Tata Steel Ltd
(BSE Code: 500470) (CMP: Rs.574.95) (FV: Rs.10) (TGT: Rs.750+)
Established in 1907, Mumbai-based Tata Steel Ltd (TSL) manufactures and distributes steel products. It offers hot-rolled (HR) and cold-rolled (CR) coated steel coils and sheets, precision tubes, tire bead wires, spring wires, and bearings; auto ancillaries for the automotive market; and bearings, galvanized iron wires, agriculture and garden tools, conveyance tubes, fencing, farming and irrigation equipment for the agriculture market. It also provides steel doors and windows, roofing sheets, plumbing pipes, tubes, prefabricated and rooftop houses, water kiosks, modular toilets, office cabins, corrosion-resistance steel, cut and bend bars, PC strands, ground granulated blast furnace slags, etc. In addition, it offers CR, coated, HR, tube, wire rod, ferro chrome and manganese, boiler tube, pipe, ferroshot and metallic products for use in panels and appliances, fabrication and capital goods, furniture, LPG and welding applications as well as process industries such as cement, power and steel in the industrial and general engineering markets. The Usha Martin (UML) acquisition by TSL was a smart move. It was done at 30% discount to greenfield capex cost as the plant has strong backward integration and an attractive long products portfolio in close vicinity to TSL’s facilities. We believe that several operational issues have plagued UML’s operational performance over the years and expect TSL to achieve a much better operational and financial performance from the same asset. We see several synergies and expect EBITDA to improve by Rs.1500-2000/tonne. We also expect TSL to abandon its further inorganic acquisitions efforts given that UML has given the long products exposure it was looking for. Though the acquisition looks pricey on
trailing financials, we believe that it does not represent the potential and hence, an undue attention to the same might be unwarranted.

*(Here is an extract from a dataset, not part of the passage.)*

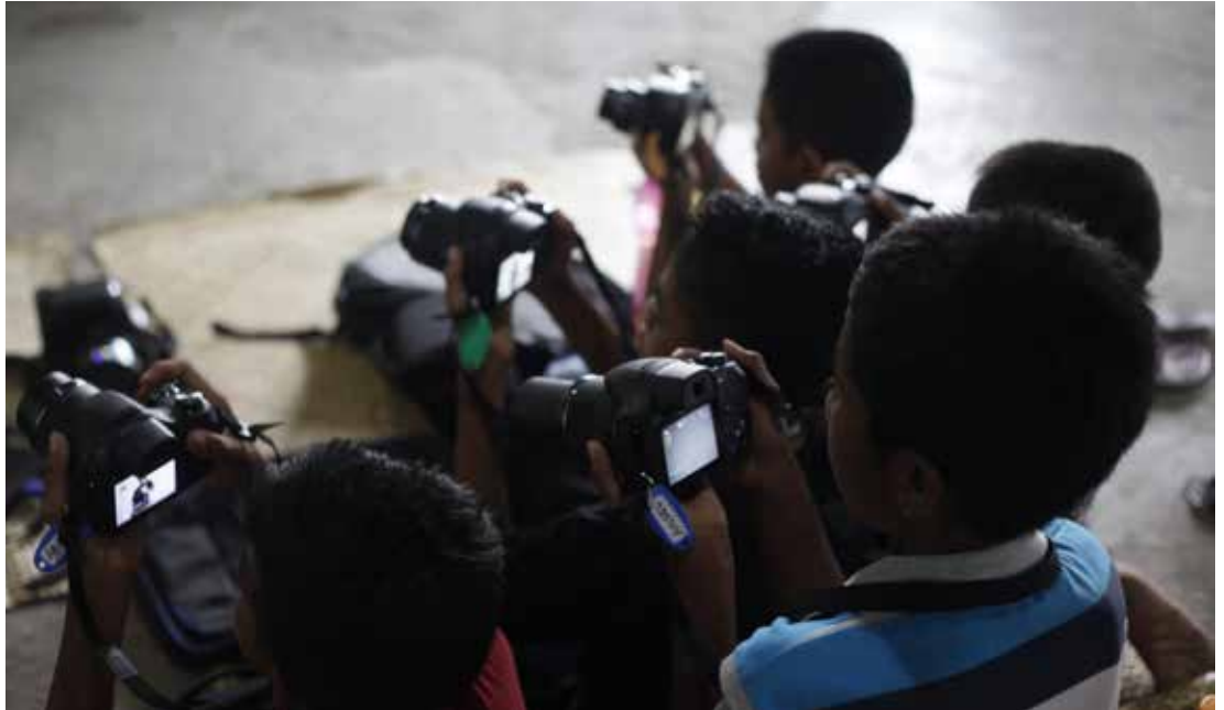
Des enfants apprennent à utiliser un appareil photo | Doc.PhotovoiceSumba by SekarKawung 2017

La réalisation de ce projet présente de nombreux avantages : Premièrement, en participant à ce projet, ils seront encouragés à faire quelque chose de nouveau, qui changera leurs habitudes de tous les jours. Ils vont apprendre et développer de nouvelles compétences. D'un point de vue éducatif, c'est une chance réelle pour eux de progresser.

Despite factoring in the acquisitions of both UML and Bhushan Power & Steel, we expect Net Debt/EBITDA for consolidated operations (excluding its European business) to remain in a comfortable zone of 3.1x (v/s 2.9x at FY18 end) which allays street’s concerns on TSL’s balance sheet getting stretched again. We believe that a much larger asset base of TSL’s domestic business, shifting of European business to JV with ThyssenKrupp and its large cash flows in the current steel cycle will help keep the balance sheet in a healthy position.
TSL currently enjoys strong spreads and cash flows in its domestic business led by strong steel pricing, backward integration benefits and improved conversion cost metrics. The management’s goal of doubling capacity in India over the next 5 years is within reach with the acquisition of 6 MMTPA capacities and KPO phase II expansion of 5 MMTPA. We will keenly look for management views on further participation in inorganic growth but expect it to halt now and hence, expect TSL to not pursue Bhushan Power & Steel now.
We see domestic asset acquisitions being value accretive in the medium-to-long term due to attractive product portfolios and strong possibility of material synergies. We also draw comfort on the balance sheet front due to shifting of European operations to JV and strong cash flow generation in the residual business led by low cost domestic operations.
Technical Outlook: The stock looks good on the daily chart for medium-term investment. It has formed a downward channel pattern on the daily chart and a close above Rs.610 with good volumes will push the stock higher. The stock trades below all important moving averages like the 200 DMA level on the daily chart. Start accumulating at this level of Rs.574.95 and on dips to Rs.530 for medium-to-long term investment and a possible price target of Rs.750+ in the next 12 months.